Upon generating the plurality of groups of molecules, the method 300 sequentially feeds each group amongst the plurality of groups of molecules, the plurality of structured tables with table captions, the plurality of text chunks, the chemical composition schema, and the composition instance extraction prompt, to one of the plurality of GPT models, to generate the plurality of chemical composition instances with the plurality of target molecular property values associated with the plurality of target properties. The composition instance extraction prompt provided to one of the plurality of GPT models with respect to the plurality of text chunks for text processing, in accordance with some embodiments of the present disclosure, is defined as: “Assume you are a chemical engineer.
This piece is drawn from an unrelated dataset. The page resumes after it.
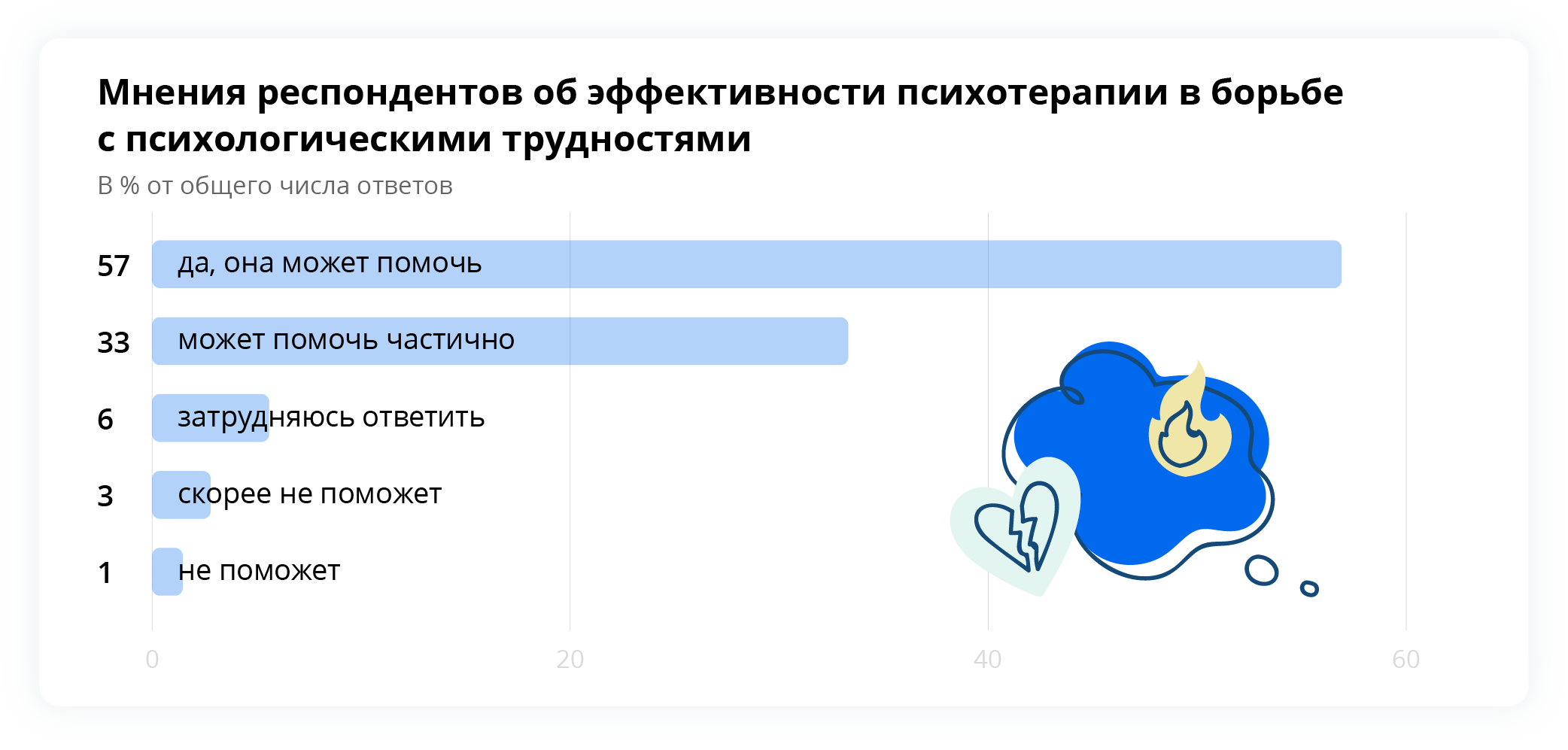 На вопрос о том, изменился ли уровень предубеждений в отношении психотерапии в последние годы, 73 % респондентов отметили, что он стал ниже, 11 % считают, что ничего не изменилось, 4 % — что предрассудков стало больше.

Given a text chunk delimited by three backticks, and the schema delimited by double backticks: Extract information for {MoleculeGroup-N} using the Schema from the provided text and generate a structured JSON output for all information mentioned in the text. Do not include any preamble, and only output JSON where information is available. Do not include JSON elements where the value is empty, null, or 0. Treat spaces in values as decimal points, such that ‘38 2’ becomes ‘38.2’. Do not indent the JSON output.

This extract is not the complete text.